The fact that the European elections are of less interest is reflected in voting patterns: in 2019, around 50% of the electorate abstained from voting. This is not the highest figure, but since 1979 there has been a general trend of abstention. In fact, up to eight countries have never had more than half of the population vote in European elections (nine if we include the United Kingdom during its membership of the EU). Torcal believes that citizens are increasingly aware that what is decided in Europe is important, but the distance with which these institutions are viewed, the importance given to them by the media and even the parties themselves, and the national interpretation of these elections has resulted in consistently low turnouts. Karim Hallal, an expert on European affairs, believes that when the national media’s attention is focused on more technical issues, however important and affecting they may be, they do not easily reach ordinary citizens. “But if you have problems with agriculture, climate change, migration or a growing tension with Russia, […] then maybe that will motivate people to understand the importance of their vote and that, depending on the results, the EU can go one way or the other politically,” he says.
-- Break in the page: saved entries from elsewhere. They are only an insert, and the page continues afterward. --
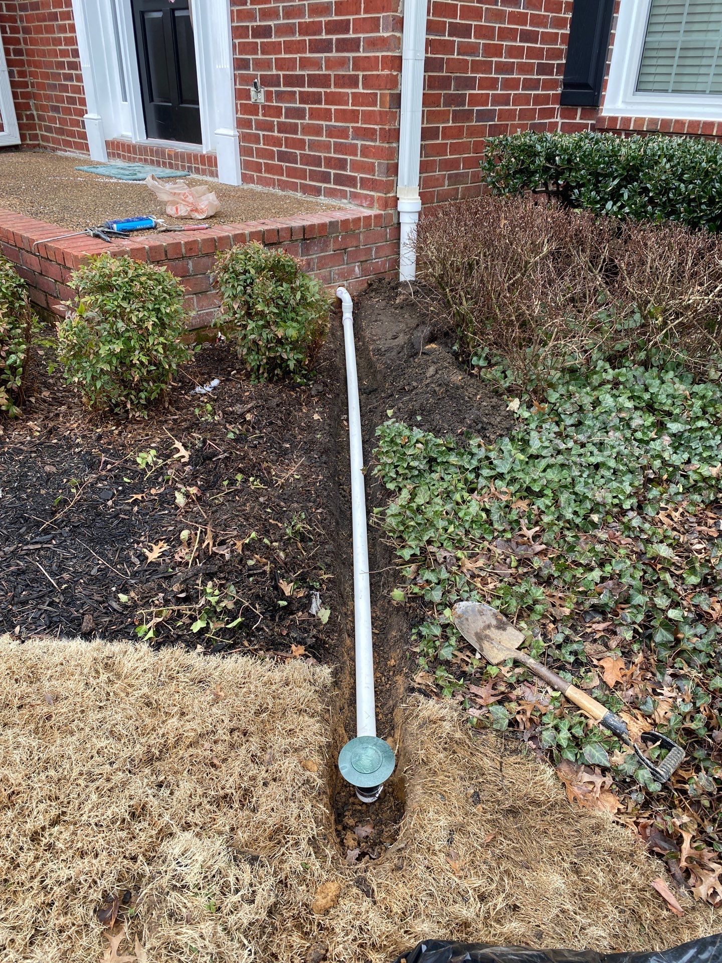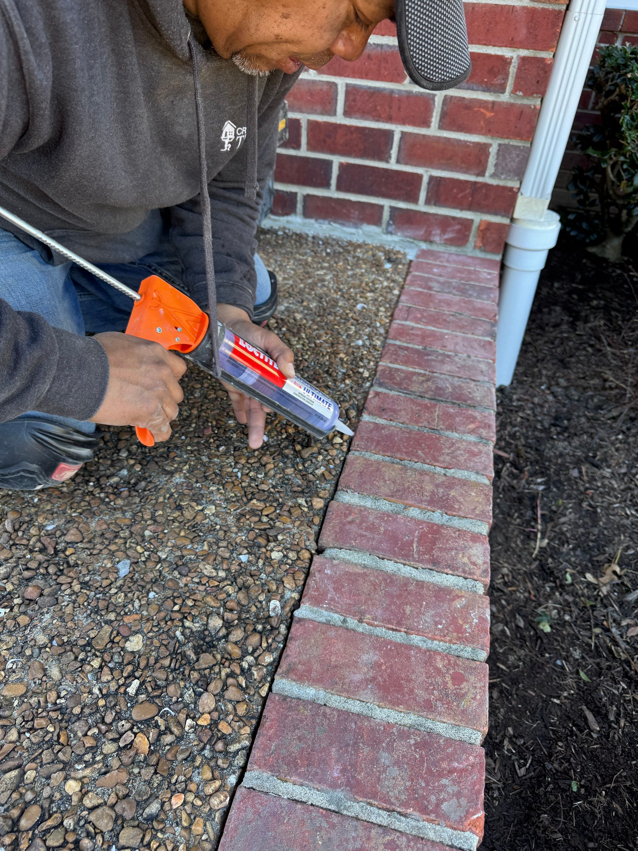 First, we sealed the front porch area to prevent surface water from penetrating above the foundation wall. We also repaired a failing downspout that had been leaking and contributing to water buildup near the foundation.
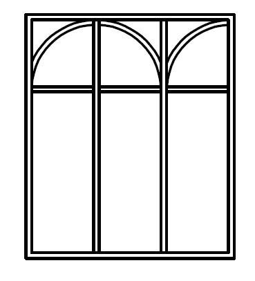 Verrière type atelier 3 vitrages clairs avec 3 arches et 3 traverses décoratives, chassis noir, largeur 105 cm
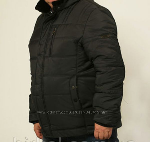 Тёплая зимняя стильная куртка, тёмно- синяя, хорошая , плотная, не шуршащая плащёвка, не промокает.Капюшон отстёгивается.Воротничок-чёрный мягкий искусственный мех. 3 внешних + 1 внутренний кармана.Застёжка- молния + кнопкиРазмерный ряд: 58-68.Ткань: Плащевка "Канада"
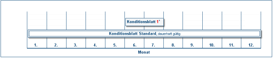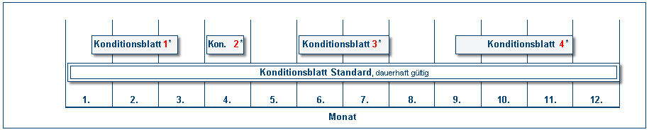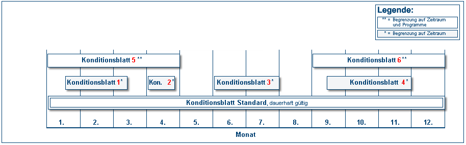 De volgende afbeelding dient ter verduidelijking van het voorbeeld. Van de voorgaande voorbeelden bestaan reeds vier tijdsbeperkte conditiebladen (1-4) en twee conditiebladen (5+6) met beperkingen van de programma's. Door de aanvullende beperking op individuele uitvoeringen en varianten mag de geldigheidsperiode van dit conditieblad (7) zich overlappen met de andere conditiebladen.

For Torcal, a large part of the increase in abstention can be explained by the accession of Eastern European countries, where participation rates are generally low, rather than an ‘across-the-board’ distancing from European politics. “I wouldn’t say there is less interest,” he says. He adds that in these countries there is a latent conflict between Euroscepticism and pro-Europeanism, which also affects voter turnout. For his part, Hallal points to a general “voter fatigue” on the continent. “When you suddenly enter the European Union, you have a kind of emphasis, an emotion that then fades over time”, he explains, and maintains that this feeling has also been transferred to the national level. “When democracy and the joy of voting began, a lot of people voted. It was very important and it was understood that you didn’t want to go back to what was there before, but over time that passion has worn off”, he adds.

In the last elections, the highest abstention rates could be found in Eastern Europe. Specifically, Slovakia, the Czech Republic, Slovenia and Croatia are the countries where the percentage of people who did not go to the polls was the highest: over 70% in all cases. Portugal, Ireland and the Netherlands are also among the countries with the lowest turnout. Spain, on the other hand, had the sixth highest turnout in 2019, when the European elections also coincided with municipal and regional elections.
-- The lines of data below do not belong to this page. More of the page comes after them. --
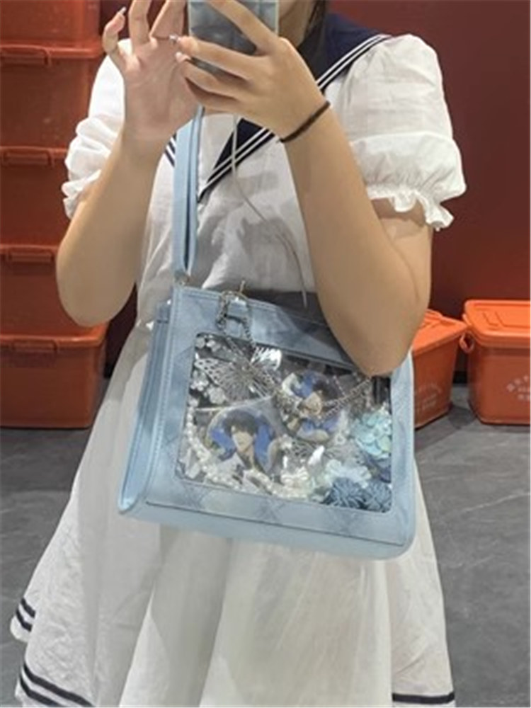前の透明カバーに飾り板が入っていて、自分の好きな小物を入れることができるバッグです。 好きな芸能人や、アニメの写真 、缶バッジ、ストラップ、キーホルダーなどを入れるだけで、簡単に世界で1つたったのオリジナルバッグの完成です、毎日楽しく使える。
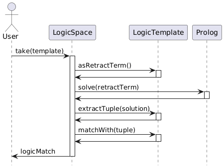 Di seguito sono rappresentati dei diagrammi di sequenza che mostrano l'uso dei template da parte dello spazio di tuple nel caso di *read* e *take*.
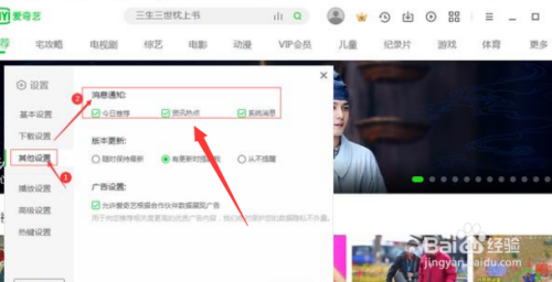 以爱奇艺为例,当该软件被安装今后,您的电脑今后就会弹出各类告白窗口了,不信的话咱们就进入爱奇艺的设置里看看,在“其他设置”里就有较着的告白提醒。
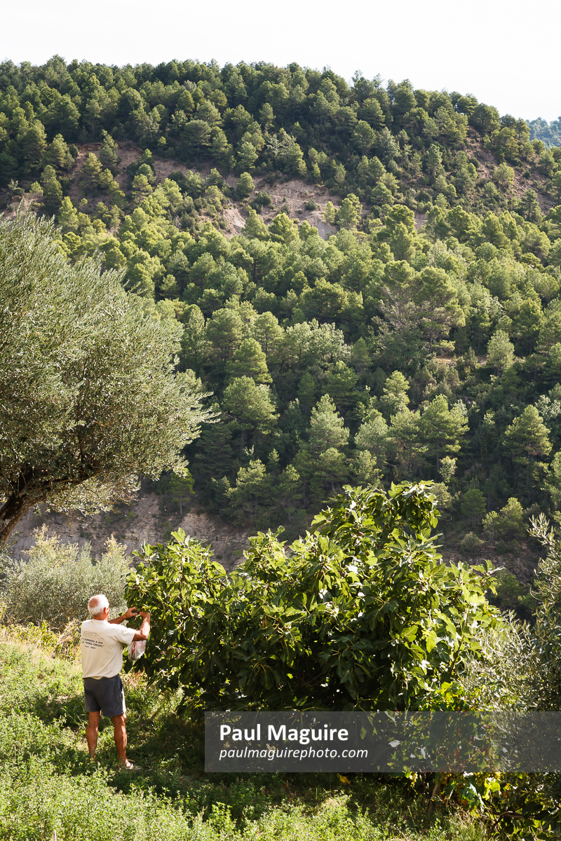 Man picking figs from a fig tree in Spanish countryside, Aragon, Spain: europe,spain,aragon,spanish,european,destination,destinations,landmark,landmarks,place,places,travel,landscape,landscapes,scene,scenery,scenes,scenic,scenics,view,vista,viewpoint,hill,hills,tree,trees,countryside,rural,fig tree,figs,fig,fruit,picking,growing,pick,grow,agriculture,agricultural,country,detail,farm,farmland,fields,field,garden,green,nature,man,person,people,old,senior,older,mature,men,rustic,traditional,plants,outdoors,lifestyle,farmer,worker,working,work

Eight countries have never achieved more than 50 per cent turnout. These are the Czech Republic, Estonia, Hungary, Poland, Slovenia, Slovakia, Bulgaria and Croatia. And only five countries have managed to keep abstention below 50% in all European elections. They are Belgium, Luxembourg, Greece, Italy and Malta. In the first three there is a very obvious explanation: voting is compulsory. In Luxembourg, non-voters are fined by law. The Belgians go even further; non-voters can be ‘eliminated’ from the electoral roll for years. In Greece, although voting is also compulsory, the authorities do not prosecute or penalise those who do not comply. Until recently, voting was compulsory also in Cyprus, although it will no longer be compulsory in the forthcoming elections. In Bulgaria, where voting remains compulsory, more than 60% of the electorate abstained in the last European elections. Karim Hallal explains that this disaffection comes after five elections in just two years. “This causes fatigue among voters, and if the European elections coincide before, during or after this period of five elections, people will lose a lot of confidence in voting because they will not see the point,” he says.
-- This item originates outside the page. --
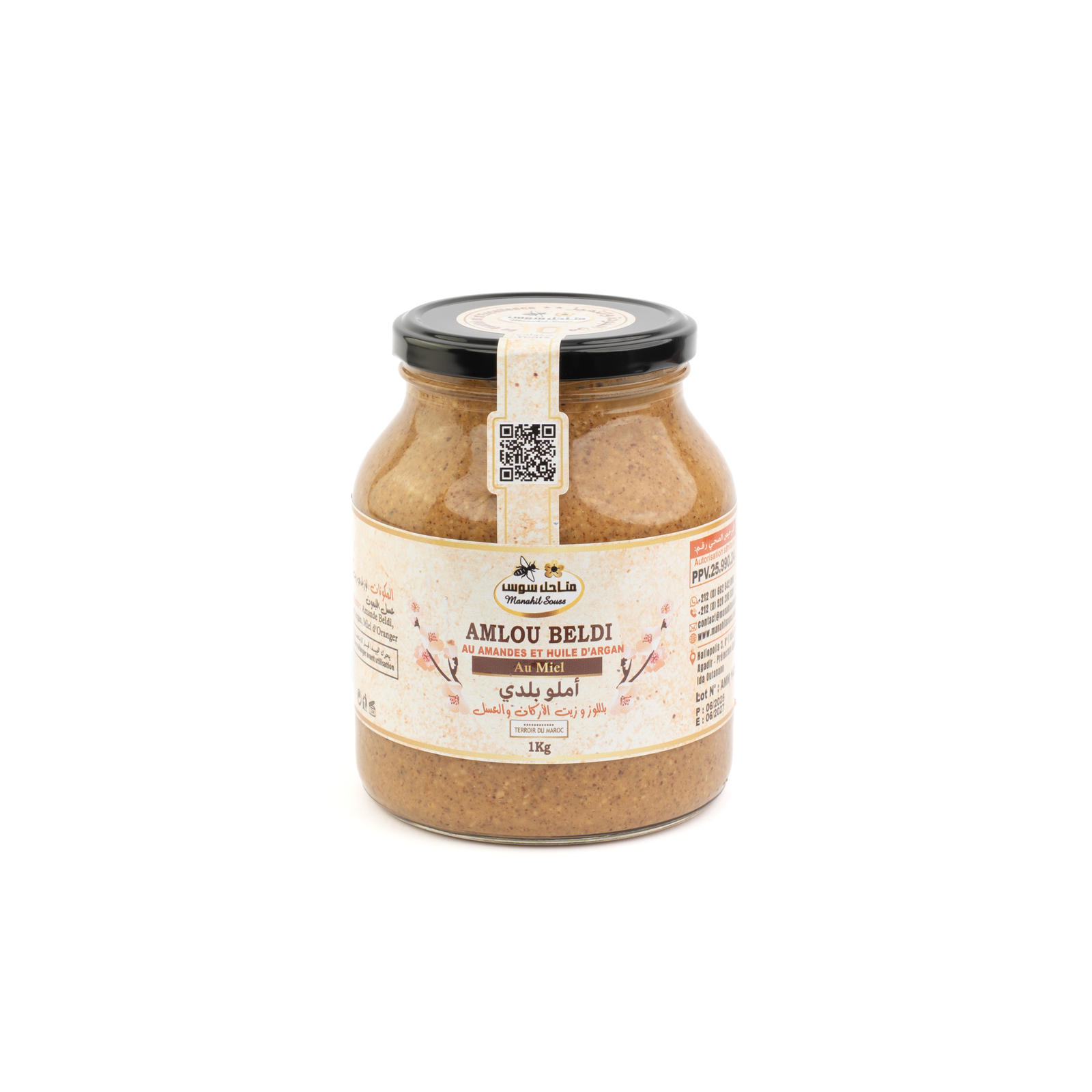 Plongez au cœur de la tradition marocaine avec l’incontournable Amlou beldi, une pâte onctueuse et authentique à base d’amandes torréfiées, de miel pur et d’une touche d’huile d’argan vierge.

Although Italy is one of the states where abstentionism is not alarming, the evolution by country shows that turnout there has fallen year after year. Between 1979 and 2019, turnout fell by 30%. “In some countries, such as Italy, the growth of Euroscepticism has been quite significant”, Torcal points out as one of the explanations for this decline. Even greater is the disaffection in Portugal, with a drop of 40 points between the first and last elections. Greece is another country where the trend is more pronounced. Except for the 2019 figure, where voter turnout picked up slightly, this trend is also seen in Spain, France and Cyprus. The professor reminds us, however, that the countries of the South “have historically been very pro-European”.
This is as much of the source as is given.